Raistlin esbozó una sonrisa torva y apretó un puño. Había triunfado. Había salido victorioso del trance. Los había derrotado a todos.

El momento de euforia fue breve, desplazado por un acceso de tos incontrolable; los espasmos lo convulsionaron como a una marioneta maltratada.

El caramillo siguió sonando mientras Raistlin luchaba por sobreponerse y recobrar el aliento. El mago tanteó con torpeza en el cinto hasta encontrar un pequeño envoltorio de lino que contenía hierbas. Lo apretó contra la nariz y la boca, y aspiró el empalagoso aroma dulzón de las hojas machacadas y de las ramitas cocidas. Los espasmos cedieron, y Raistlin se permitió abrigar la esperanza de haber dado por fin con un remedio eficaz. No admitía que sería durante toda su vida un ser débil y enfermizo.

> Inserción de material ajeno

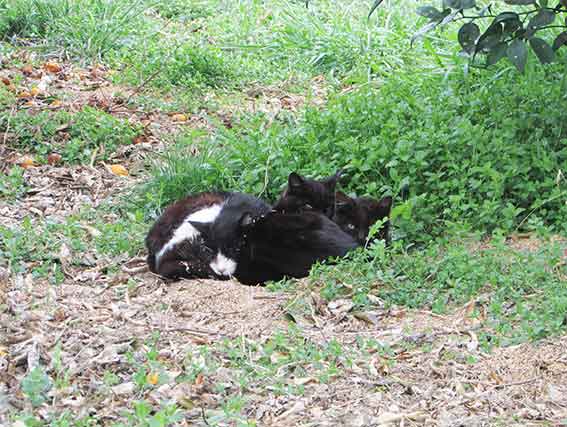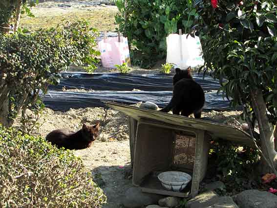 おはようございます♪日曜日の朝、午前5時30分の起床です!!今日は愛媛県四国中央市川之江の「明和トライアル場」で、四国選手権第1戦愛媛大会が開催されます♪今朝のニャンコは、庭の餌場の近くが縄張りのクロネコ達です♪ ふじおもいつも一緒にいます♪天気はまだ曇り空です♪雨が降るのは確実です・・・会場へ車で行くか・・・スクーターで行くか・・・まだ迷っています・・・ 雨になると・・・ニャンコ達もたいくつです・・・雨があまり降らない事を祈っています♪(●^o^●)♪
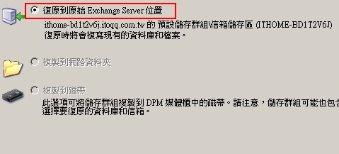 | 還原步驟4 :指定復原目的地 你可以指定目的地,直接回存正在線上運作的Exchange儲存區。若要還原到更早之前,就得先將儲存區設定成可還原複寫。 |
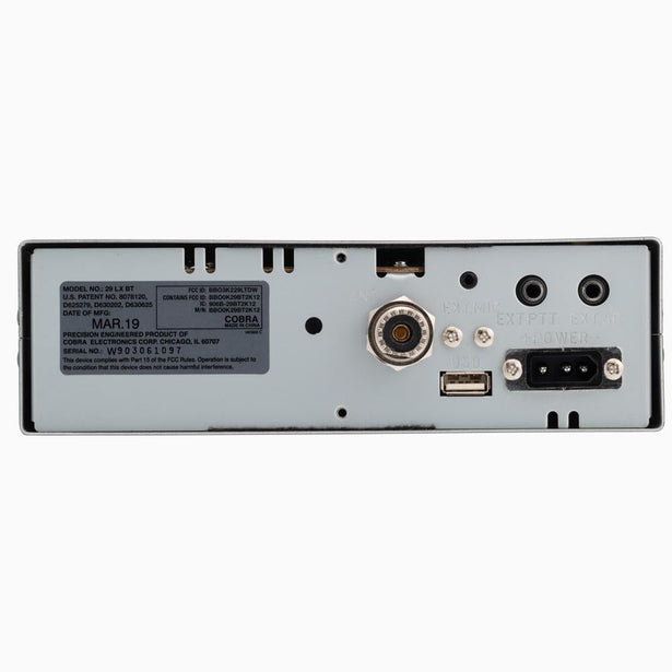 With your Cobra 29 LX BT CB Radio you’ll receive a handheld microphone, transceiver bracket, microphone bracket, external microphone, and DC power chord.
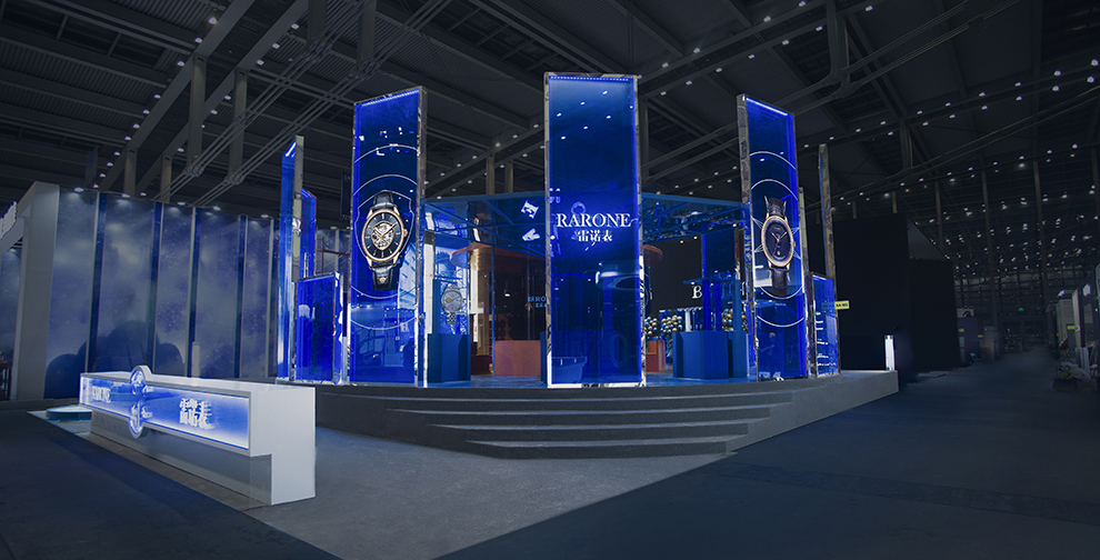 外墻8塊2米高藍(lán)色通透亞克力分別展示雷諾表自創(chuàng)立以來(lái),從高端制表工藝、創(chuàng)新性用料到質(zhì)量標(biāo)準(zhǔn)認(rèn)證等多個(gè)維度的代表性表款。其中最具代表性的是,2012年孫紅雷先生親自參與設(shè)計(jì)的騎士系列,完美的演繹了雷諾表創(chuàng)新性與個(gè)性化的腕表設(shè)計(jì)。

Las hierbas le dejaron un gusto amargo en los labios. Guardó el acre envoltorio en un saquillo sujeto al ceñidor de tela trenzada, de un color rojo más oscuro que el resto de su vestimenta debido al uso constante. No necesitó mirar el saquillo medicinal para saber con certeza que estaba manchado de sangre.

Raistlin respiró con lentitud y se relajó. Cerró los párpados. Imaginó las muchas y variadas líneas de poder que alimentaban su fuerza vital… la urdimbre brillante y dorada de los hilos de su magia, de su mente, de su alma. Su vida estaba en sus propias manos. Era el dueño y señor de su destino.

De nuevo escuchó el caramillo, pero no entonaba la música espantosa, sobrenatural, que creyó oír al despertar… la música del elfo oscuro, la que lo asaltara en sus peores pesadillas desde su iniciación en los niveles superiores de la hechicería. Por el contrario, era la melodía estridente y alegre de un kender desconsiderado.

Apartó a un lado las pesadas mantas que lo cubrían; el desapacible aire nocturno lo hizo estremecer. Sus manos aferraron el bastón, anhelantes por palpar el contacto suave de la madera y la sensación de seguridad de sentirlo entre los dedos. Se puso de pie.

Shirak —susurró.

El poder fluyó a través de su espíritu y se transmitió al bastón, donde se aunó con la magia contenida en la negra madera, símbolo de la victoria del mago. Una luz suave y blanca centelleó en la bola de cristal aferrada por la garra de dragón que remataba el cayado.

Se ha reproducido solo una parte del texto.